My recommendation is to work with three separate workspaces (dev, preprod, prod). While this approach is more complex in terms of infrastructure, it provides better stability and fewer issues in the long run by ensuring clear separation between development and production environments.
Each workspace should have its own dedicated catalog (dev, pre, prod). However, it is recommended to allow read-only access from dev and preprod to the prod environment. This setup enables developers to work with either real production data or non-production data for testing purposes while ensuring that no unintended modifications affect the production environment.
Data Sharing Between Environments
To move data between environments, you can use:
•Deep Clone (DEEP CLONE) → Preserves the Delta table history and metadata.
•CTAS (CREATE TABLE AS SELECT) → Creates a new table but does not retain version history.
Feature Store Management
From what I understand, you want to create a centralized Feature Store (CFS). However, a Feature Store is essentially a set of tables, which you can store in a dedicated schema within the production catalog.
Since Feature Stores are derived from transformed data, they should be built using the Silver/Gold layer of your Medallion architecture. It is also important to decide whether:
1. Features should be extracted directly from Silver/Gold tables, or
2. A separate pipeline should process and store feature data independently.
If a single Feature Store is shared across all environments, ensure that:
•Feature engineering is performed in dev before promoting features to prod.
• Feature Store updates follow a controlled deployment process (CI/CD).
• Read and write permissions are well-defined to prevent dev/preprod from accidentally overwriting production features.

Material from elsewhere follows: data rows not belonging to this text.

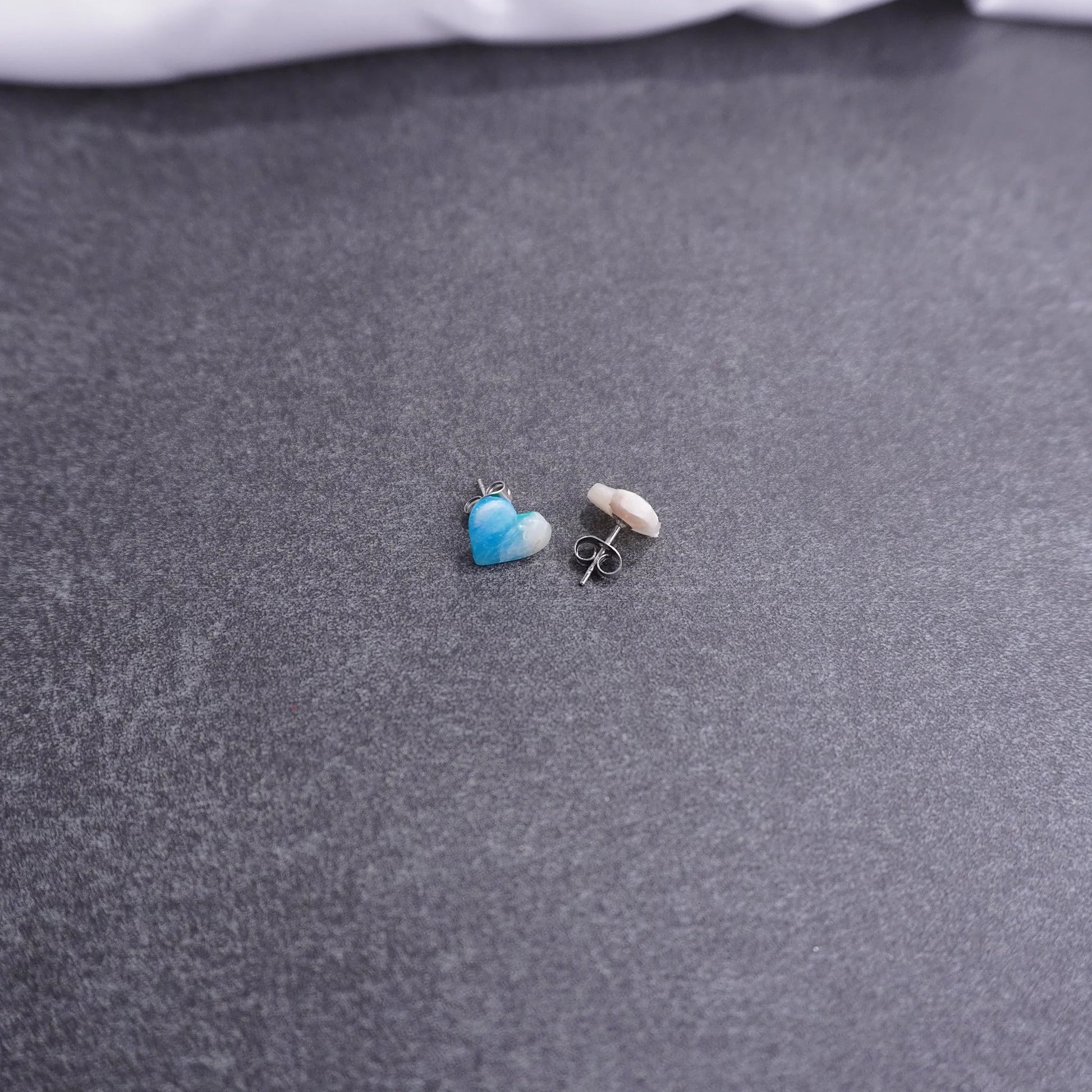 Kleine Herz-Ohrringe in Blau und Weiß – aus der Kollektion „X-Mas“ – geschaffen, um die grauen Tage etwas bunter zu machen.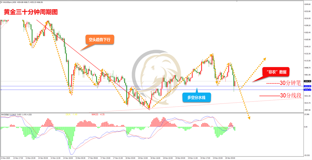 昨日,现货黄金多头持续拉升,多头逐步上涨至4132附近,其后空头高位跳水快速回落。由于美元指数强力拉升,导致金价承压逐步加大,外加美联储1会议纪要偏向鹰派,更是让美元指数刷新了近两周的高点,打压了黄金的多头士气。早间多头反弹后,空头依然还在快速打压,但最终守在4046上方。日内晚间,由于美国政府停摆,劳工统计局宣布10月失业率永远无法公布,10月和11月非农报告合并至12月16日发布。美国9月非农数据2公布后,预计市场将迎来巨大波动。
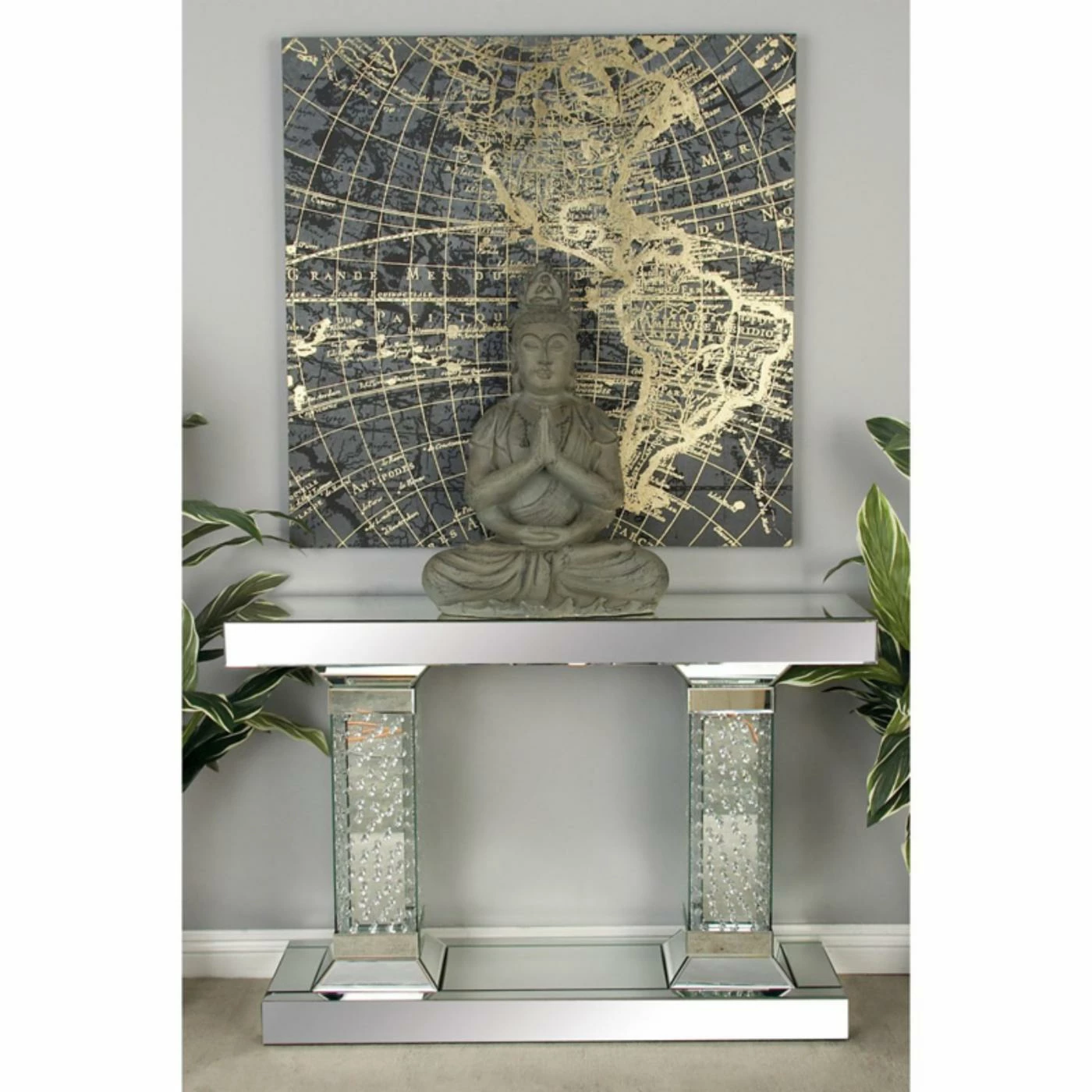 The DecMode Crystal Pedestal Rectangular Console Table is a darling addition to your living room dΓ©cor, making your design scheme brighter and more beautiful. This table features two pillar supports made from pitted glass and is otherwise crafted from medium-density fiberboard. The tabletop and base come paneled with reflective mirrors. Use this on its own or as a display space for your favorite decorative items.

ETL Pipeline Considerations
The ETL pipeline that processes data from raw to gold should run in the production workspace to ensure a single source of truth. This setup prevents inconsistencies and duplication of processing logic across environments.
However, development and testing should be done in dev/preprod, and only tested pipelines should be deployed to prod.
Security and Access Control
To enforce controlled access to production data, consider using:
•Unity Catalog for centralized permission management.
•External Locations for secure data sharing.
Hope that helps 🙂